I am sure there are some children that meet this description.  In these cases something should be done.  But the cause of this situation can most likely be laid at the foot of the Democrat Party and their policies.

It was only a short time ago that the main dietary problem with the poor was obesity.
13 years 12 months ago
'nobody mentions that the over 250k earners only pay the higher rate on the over 250k income... so 300K pays the higher rate only on the 50K  so so sad..'

The thing that many here miss is how this money will be spent and what effect the marginal tax rates have on that spending.  Much of it will be invested, and this will create jobs for those out of work.  Without this investment, more poor out of work.  Giving money to the federal government does not produce any jobs because it does not fuel investment.  That is why if one group should be spared an increase in taxes is those who make more than $250,000 and the taxes should be made permanent which will affect behavior much more than short term changes.

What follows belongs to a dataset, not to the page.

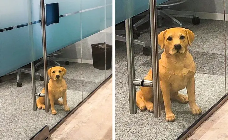 3. ฉันอยู่ที่ทำงานแล้วรู้สึกหงุดหงิดมากที่ใครบางคนลืมน้องหมาไว้ที่ออฟฟิศ ฉันเลยเข้าไปเล่นกับมัน แต่ปรากฏว่ามันเป็นรูปปั้น!

Taxes are a dynamic phenomena and static.  All the statistics quoted are static and we learned when taxes were reduced during the Reagan administration that tax revenues actually increased with the lower rates.  The same result happened with the Bush tax cuts.  The rich actually paid much more in taxes after the tax reductions and revenues went up.  So reverse it and tax revenues will go down.
William Kurtz
13 years 12 months ago
On the other hand, Republicans warned that if Bill Clinton raised taxes in 1993 to the rates that would be reinstated if the Bush cuts expire, it would lead to a depression. Instead we had a long stretch of prosperity and balanced the budget, and I don't recall the rich suffering.